The accuracy of our method is validated by predicting the capacities of two battery models (B1 and B2), which are discharged under dynamic operating conditions but charged using different methods. Additionally, we evaluate the method’s generalization ability using a third battery model (B3), which is discharged under simpler conditions. The experimental results confirm the method’s capacity to predict battery capacity accurately across various training, validation, and test set ratios, as well as under different charging and discharging conditions, demonstrating both high accuracy and robustness. Specifically, the mean absolute error (MAE) and root mean square error (RMSE) of the predicted capacities for the different batteries across various dataset ratios are consistently below 1%. Furthermore, our method achieves the smallest MAE and RMSE values when compared to other methods (e.g., CPO-Bi-LSTM, PSO-Bi-LSTM, Bi-LSTM, and LSTM), and the ICPO algorithm used in our approach demonstrates the shortest model training time compared to the original CPO algorithm and the PSO algorithm, resulting in the most accurate and efficient capacity prediction. In all model comparison experiments, the maximum MAEs and RMSEs of the predicted capacities using this method remain consistently below 0.6%.
Future work will include extensive experiments using various marine battery models under diverse dynamic operating conditions to further validate the effectiveness of our proposed method. We will progress from controlled laboratory environments to real-world marine applications, assessing the method in increasingly complex and dynamic conditions. One major challenge is the variability in battery charging and discharging conditions, which could impact data integrity.
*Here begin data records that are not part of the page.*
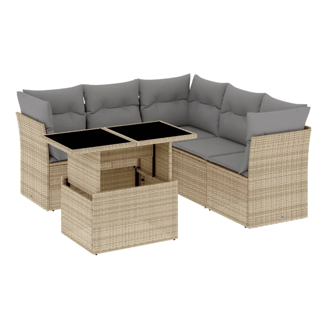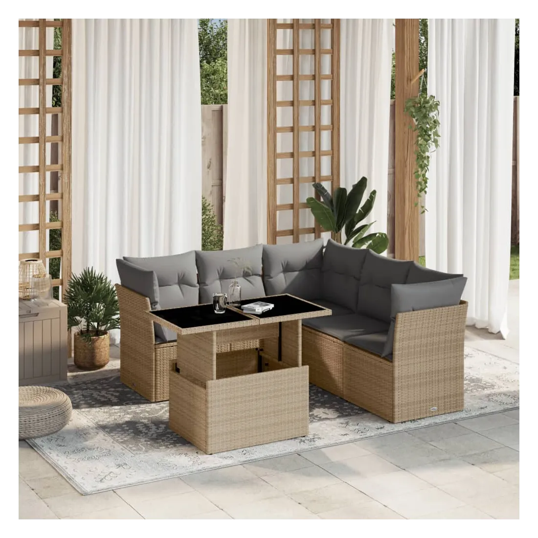Cet ensemble de canapés de jardin est le complément parfait de votre arrière-cour, terrasse ou patio, offrant un espace confortable et accueillant pour discuter avec la famille et les amis ou simplement se détendre et profiter de l'extérieur. Matériau durable : la résine tressée, également connue sous le nom de poly rotin, est un matériau synthétique solide et nécessitant peu d'entretien qui ressemble au rotin naturel. Il est léger, facile à nettoyer et couramment utilisé pour les meubles d'extérieur en raison de sa durabilité et de ses propriétés de résistance aux intempéries.Dessus de table réglable : le dessus de table peut être soulevé pour rendre la table plus haute, ce qui transforme la table d'extérieur d'une table basse à une table de salle à manger. Elle est parfaite pour recevoir des invités ou prendre des repas à l'extérieur.Expérience d'assise confortable : ce mobilier d'extérieur, doté de coussins épais, offre une expérience d'assise confortable.Housse amovible et lavable : ces coussins de siège sont dotés de housses amovibles pour un lavage et un entretien faciles.Conception modulaire : cet ensemble de meubles d'extérieur a une conception modulaire, ce qui le rend complètement flexible et facile à déplacer, afin que vous puissiez créer un agencement de meubles d'extérieur personnalisé. Bon à savoir :Pour que vos meubles d'extérieur restent beaux, nous vous recommandons de les protéger avec une housse imperméable.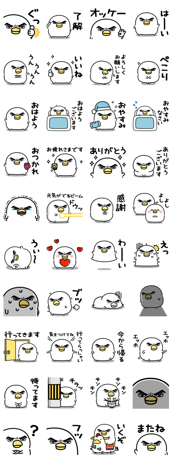 うるせぇトリの日常でずっと長く使えるキリッとした顔のスタンプです。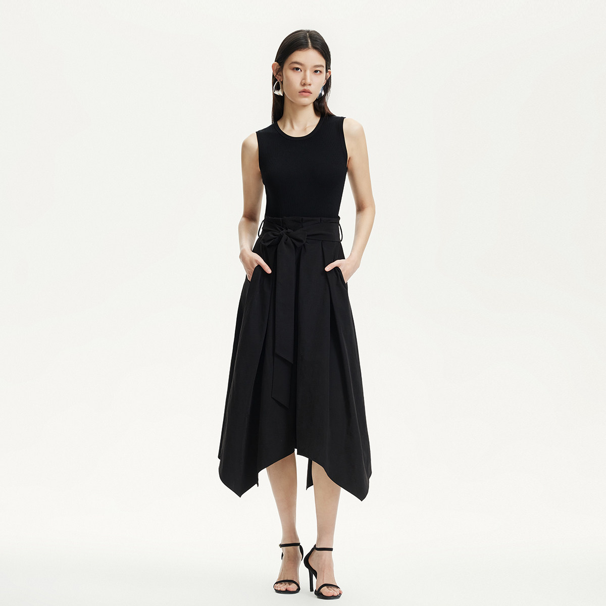 Vero Moda连衣裙2025夏季新款圆领腰带设计不规则底摆325246002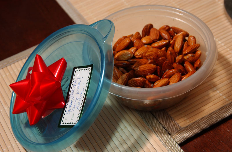 Raw organic almonds misted with olive oil and tossed with coarse celtic sea salt, made especially to celebrate Ink Tea's birthday at Oliver's party, and just to make the point clear, wrapped delightfully in a Christmas themed tag and bow, like a belated X-mas gift to be handed out at New Year's Eve. Boo-yeah.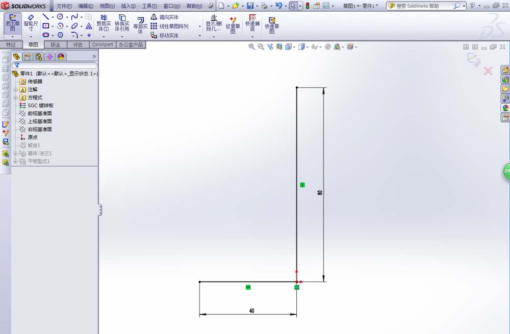 1、首先,在钣金模块随意画一个开放零件图。(我画的是80x40x2,取k因子0.45,折弯内半径R0.5)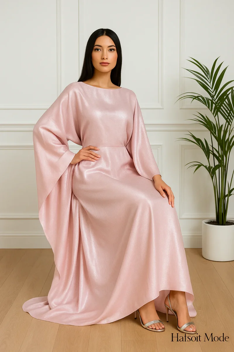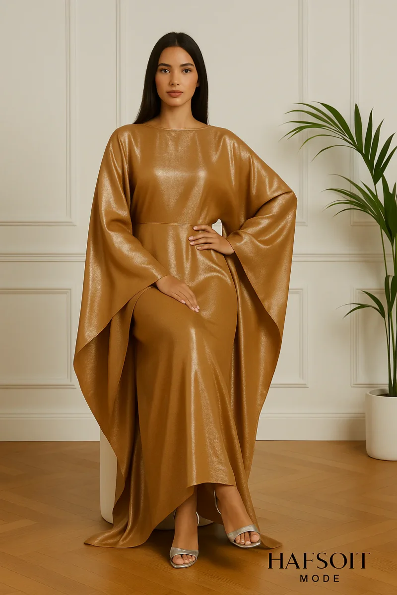 ✨ Abaya papillon longue métallisée fluide – Hafsoit Mode

To address this, we plan to enhance both data acquisition techniques and the robustness of the model. Furthermore, we will investigate the effect of ambient temperature on battery performance, particularly during the charging process. Additionally, we aim to integrate the proposed method into an online prediction system for continuous monitoring, with a focus on ensuring scalability and real-time performance.